(WHAT IS REQUIRED) The needed output is the run of lines below from the one containing "Dans les boîtes" through the one containing "Caseria Men's Cotton", copied exactly and free of pictures.

Top of RAW DATA

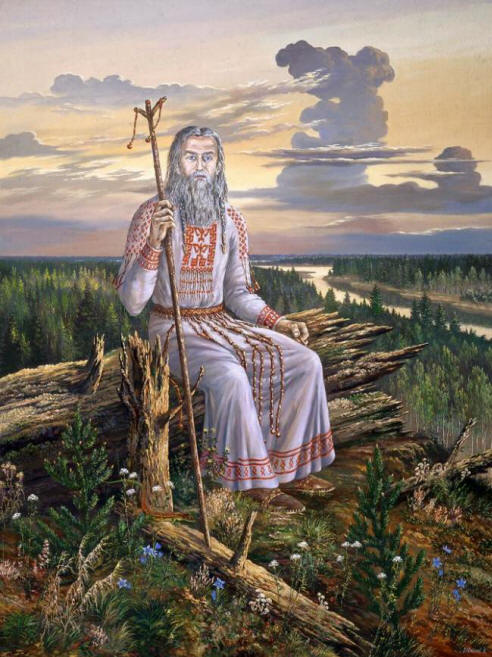… Svakog proljeća, čim se snijeg topi, nastupa Molfar drevni šamanistički obred „sticanja snage“. Ide u planine, nađe prema jednom od njegovih vođenih znakova, špilja je tamo zidana bez hrana i voda. Prekriven je travnjakom i mahovinom, natkriva ulaz kamenjem, tako da nijedna zraka svjetlosti, niti jedan zvuk izvana ne prodire u ovo sklonište. Tamo, uronjen u duboku meditaciju, Molfar živi dvanaest dana. Tako je on očišćen od svakog zla i prljavštine koje bi ga mogle mučiti godinu dana sesije lečenja. Tako dobiva novi naboj duhovne snage …
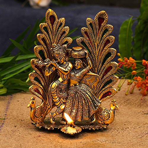 - "Shree Krishna and Radha is that feeling of love which connects a living being to his creator. " This beautiful Lord Radha Krishna Love Couple Statue Hindu God Makhan chor/Laddu Gopal Sculputer showpiece figurine from collectible is a wonderful gifting option for your any Family Members & Friends in any occasion. Ideal to keep in your puja mandir room or living room in a showcase.
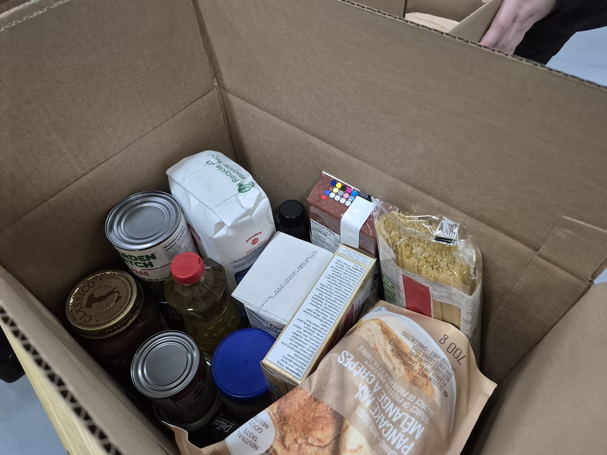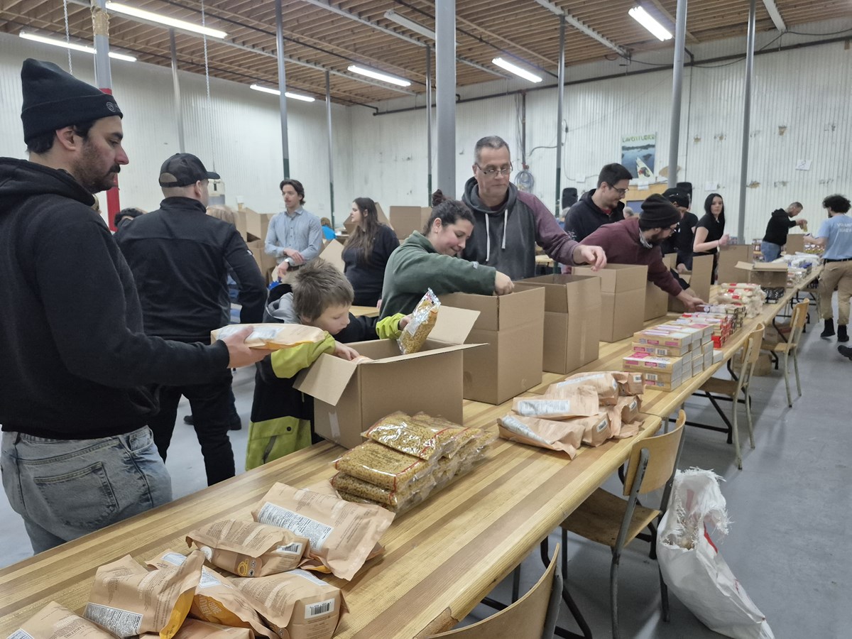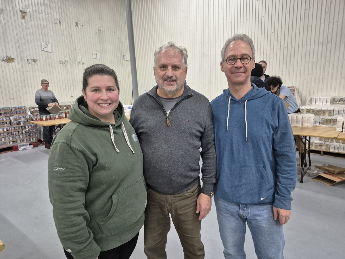 Dans les boîtes qui étaient remplies par une armée de bénévoles dans un entrepôt lors de notre passage, on a pu voir notamment du sirop d’érable et du fromage. Des confitures, un gâteau au chocolat et des tourtières également, qui proviennent de producteurs locaux.
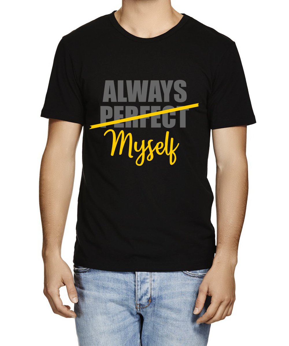 Caseria Men's Cotton Graphic Printed Half Sleeve T-Shirt - Always Perfect Myself
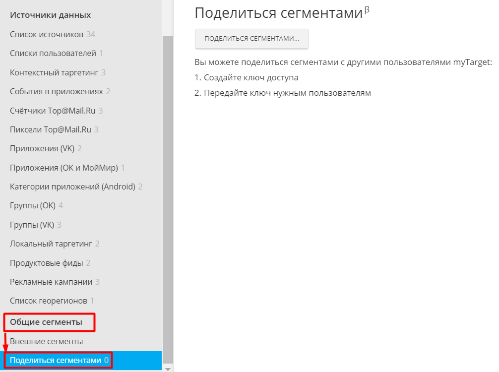 1. Перейти на вкладку «Аудитории». В блоке «Общие сегменты» выбрать «Поделиться сегментами» и нажать «Поделиться сегментами».
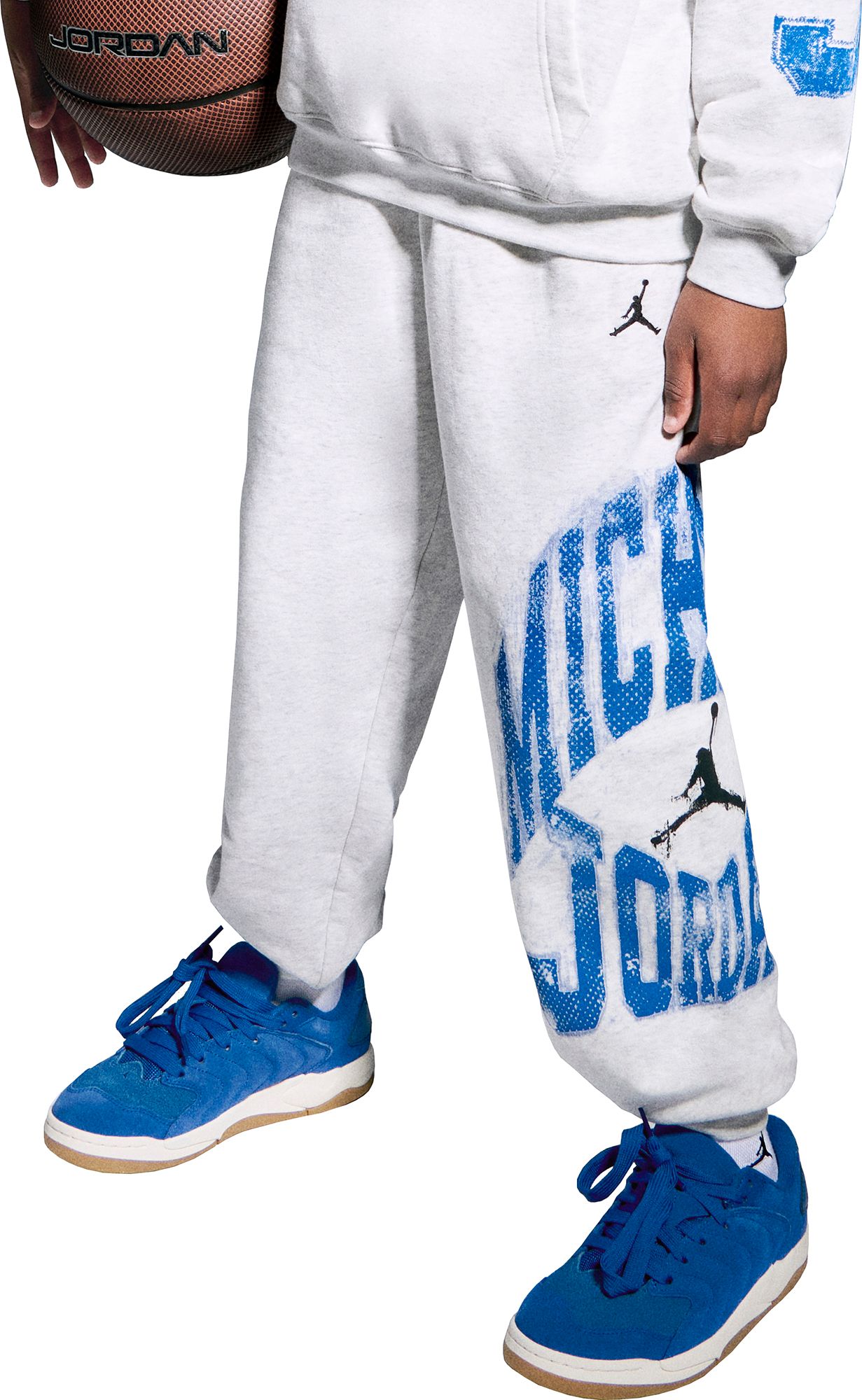 Dress like an MVP in these pants from Jordan, which feature distressed text graphics on the outer left leg. They're made of cotton/poly fleece knit fabric in a classic jogger silhouette with a stretch waistband with drawcord for a comfy fit and tapered legs for a cozy, secure feel. Style with the Jordan Jumpman MVP Fleece Pullover Hoodie for a coordinated look that complements your kicks.

Bottom of RAW DATA

(REPLY TO THE EXERCISE)
 Dans les boîtes qui étaient remplies par une armée de bénévoles dans un entrepôt lors de notre passage, on a pu voir notamment du sirop d’érable et du fromage. Des confitures, un gâteau au chocolat et des tourtières également, qui proviennent de producteurs locaux.
 Caseria Men's Cotton Graphic Printed Half Sleeve T-Shirt - Always Perfect Myself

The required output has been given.